Exercise objective
Please restate each line of the material word for word and omit any pictures.

(Entries provided Opens)

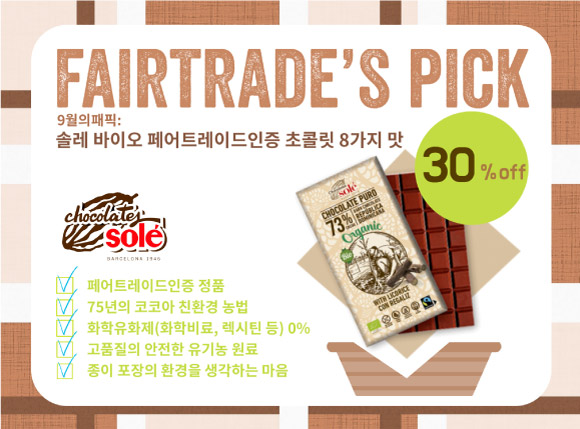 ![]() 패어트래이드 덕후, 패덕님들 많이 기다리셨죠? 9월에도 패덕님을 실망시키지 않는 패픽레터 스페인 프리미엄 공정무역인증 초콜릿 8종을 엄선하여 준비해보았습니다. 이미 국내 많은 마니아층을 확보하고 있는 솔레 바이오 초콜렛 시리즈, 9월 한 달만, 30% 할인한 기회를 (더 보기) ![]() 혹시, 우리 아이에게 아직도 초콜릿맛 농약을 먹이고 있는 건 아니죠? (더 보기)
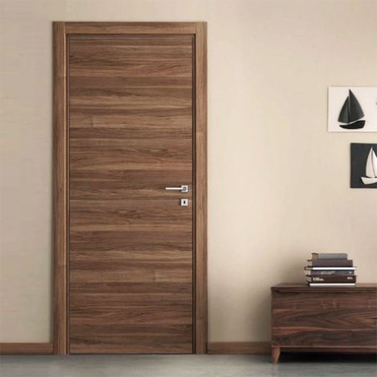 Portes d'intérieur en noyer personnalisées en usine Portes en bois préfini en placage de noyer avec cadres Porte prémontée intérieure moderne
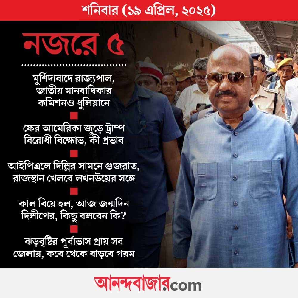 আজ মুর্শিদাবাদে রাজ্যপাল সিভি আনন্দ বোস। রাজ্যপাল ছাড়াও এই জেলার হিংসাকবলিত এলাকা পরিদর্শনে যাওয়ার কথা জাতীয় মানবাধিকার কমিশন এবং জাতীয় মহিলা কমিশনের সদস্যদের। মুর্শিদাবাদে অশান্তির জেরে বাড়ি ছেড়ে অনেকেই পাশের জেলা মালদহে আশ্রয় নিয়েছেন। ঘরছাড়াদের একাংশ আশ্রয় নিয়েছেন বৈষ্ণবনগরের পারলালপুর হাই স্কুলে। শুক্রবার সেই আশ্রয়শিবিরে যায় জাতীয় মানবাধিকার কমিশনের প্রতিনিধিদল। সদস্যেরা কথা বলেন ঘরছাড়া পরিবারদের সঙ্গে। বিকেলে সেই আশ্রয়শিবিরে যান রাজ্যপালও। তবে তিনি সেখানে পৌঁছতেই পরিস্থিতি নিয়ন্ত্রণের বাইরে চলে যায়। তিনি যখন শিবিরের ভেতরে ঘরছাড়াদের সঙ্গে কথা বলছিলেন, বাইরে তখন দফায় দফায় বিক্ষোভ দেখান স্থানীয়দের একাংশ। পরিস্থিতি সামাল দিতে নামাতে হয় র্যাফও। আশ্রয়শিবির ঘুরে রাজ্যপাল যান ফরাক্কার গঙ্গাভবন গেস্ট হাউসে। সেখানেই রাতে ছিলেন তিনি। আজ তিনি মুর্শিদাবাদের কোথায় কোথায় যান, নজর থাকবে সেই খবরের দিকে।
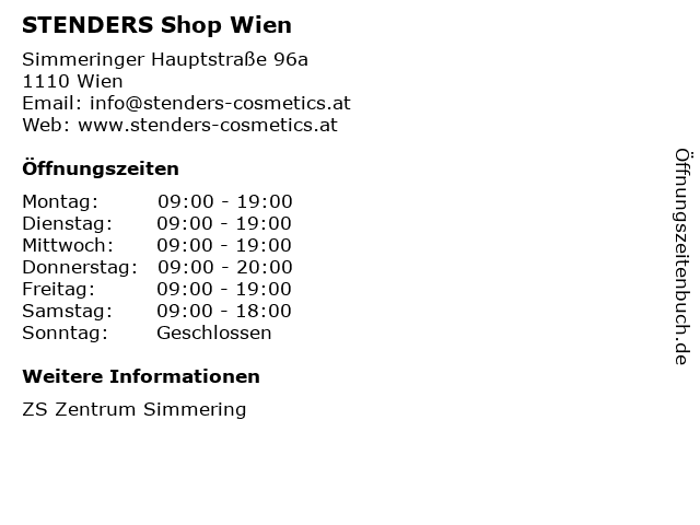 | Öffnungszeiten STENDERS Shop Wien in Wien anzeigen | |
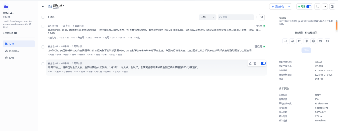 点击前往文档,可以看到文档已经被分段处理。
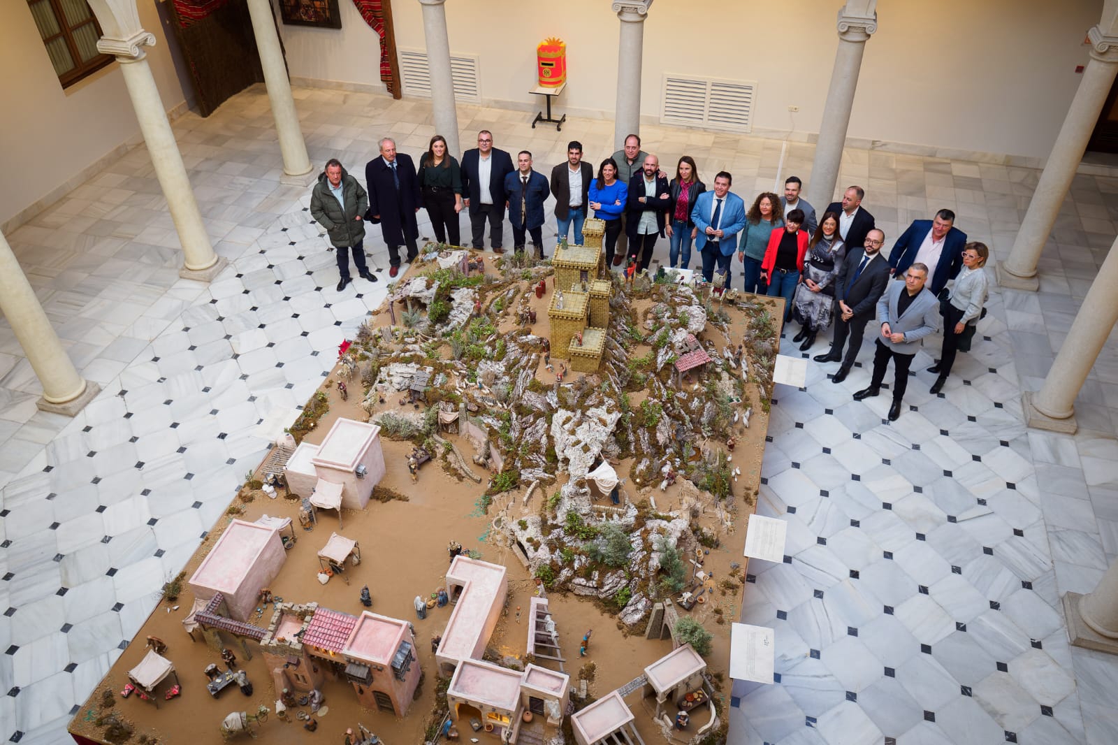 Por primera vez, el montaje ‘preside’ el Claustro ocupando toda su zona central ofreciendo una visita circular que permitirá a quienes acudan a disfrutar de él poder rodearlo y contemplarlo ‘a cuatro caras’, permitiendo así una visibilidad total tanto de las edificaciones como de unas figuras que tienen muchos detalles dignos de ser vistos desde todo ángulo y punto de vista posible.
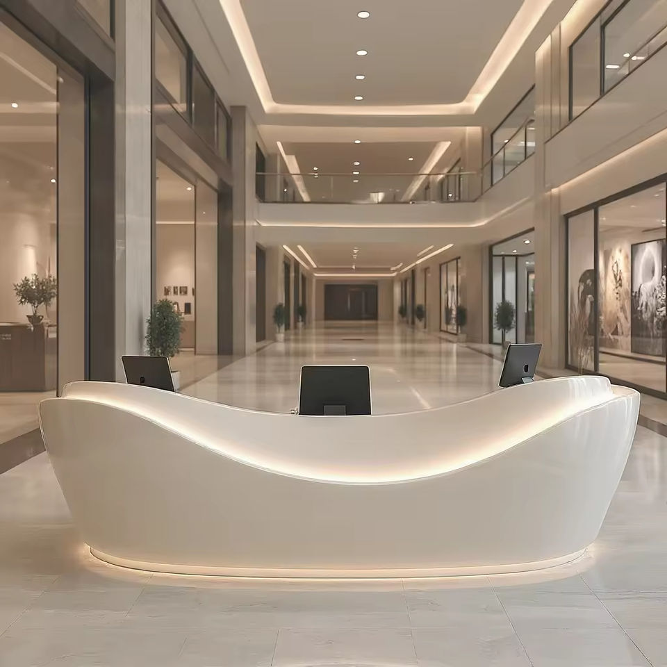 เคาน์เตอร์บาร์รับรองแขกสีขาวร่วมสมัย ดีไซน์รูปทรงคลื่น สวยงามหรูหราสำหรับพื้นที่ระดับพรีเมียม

(Entries provided Closes)

Result
 ![]() 패어트래이드 덕후, 패덕님들 많이 기다리셨죠? 9월에도 패덕님을 실망시키지 않는 패픽레터 스페인 프리미엄 공정무역인증 초콜릿 8종을 엄선하여 준비해보았습니다. 이미 국내 많은 마니아층을 확보하고 있는 솔레 바이오 초콜렛 시리즈, 9월 한 달만, 30% 할인한 기회를 (더 보기) ![]() 혹시, 우리 아이에게 아직도 초콜릿맛 농약을 먹이고 있는 건 아니죠? (더 보기)
 Portes d'intérieur en noyer personnalisées en usine Portes en bois préfini en placage de noyer avec cadres Porte prémontée intérieure moderne
 আজ মুর্শিদাবাদে রাজ্যপাল সিভি আনন্দ বোস। রাজ্যপাল ছাড়াও এই জেলার হিংসাকবলিত এলাকা পরিদর্শনে যাওয়ার কথা জাতীয় মানবাধিকার কমিশন এবং জাতীয় মহিলা কমিশনের সদস্যদের। মুর্শিদাবাদে অশান্তির জেরে বাড়ি ছেড়ে অনেকেই পাশের জেলা মালদহে আশ্রয় নিয়েছেন। ঘরছাড়াদের একাংশ আশ্রয় নিয়েছেন বৈষ্ণবনগরের পারলালপুর হাই স্কুলে। শুক্রবার সেই আশ্রয়শিবিরে যায় জাতীয় মানবাধিকার কমিশনের প্রতিনিধিদল। সদস্যেরা কথা বলেন ঘরছাড়া পরিবারদের সঙ্গে। বিকেলে সেই আশ্রয়শিবিরে যান রাজ্যপালও। তবে তিনি সেখানে পৌঁছতেই পরিস্থিতি নিয়ন্ত্রণের বাইরে চলে যায়। তিনি যখন শিবিরের ভেতরে ঘরছাড়াদের সঙ্গে কথা বলছিলেন, বাইরে তখন দফায় দফায় বিক্ষোভ দেখান স্থানীয়দের একাংশ। পরিস্থিতি সামাল দিতে নামাতে হয় র্যাফও। আশ্রয়শিবির ঘুরে রাজ্যপাল যান ফরাক্কার গঙ্গাভবন গেস্ট হাউসে। সেখানেই রাতে ছিলেন তিনি। আজ তিনি মুর্শিদাবাদের কোথায় কোথায় যান, নজর থাকবে সেই খবরের দিকে।
 | Öffnungszeiten STENDERS Shop Wien in Wien anzeigen | |
 点击前往文档,可以看到文档已经被分段处理。
 Por primera vez, el montaje ‘preside’ el Claustro ocupando toda su zona central ofreciendo una visita circular que permitirá a quienes acudan a disfrutar de él poder rodearlo y contemplarlo ‘a cuatro caras’, permitiendo así una visibilidad total tanto de las edificaciones como de unas figuras que tienen muchos detalles dignos de ser vistos desde todo ángulo y punto de vista posible.
 เคาน์เตอร์บาร์รับรองแขกสีขาวร่วมสมัย ดีไซน์รูปทรงคลื่น สวยงามหรูหราสำหรับพื้นที่ระดับพรีเมียม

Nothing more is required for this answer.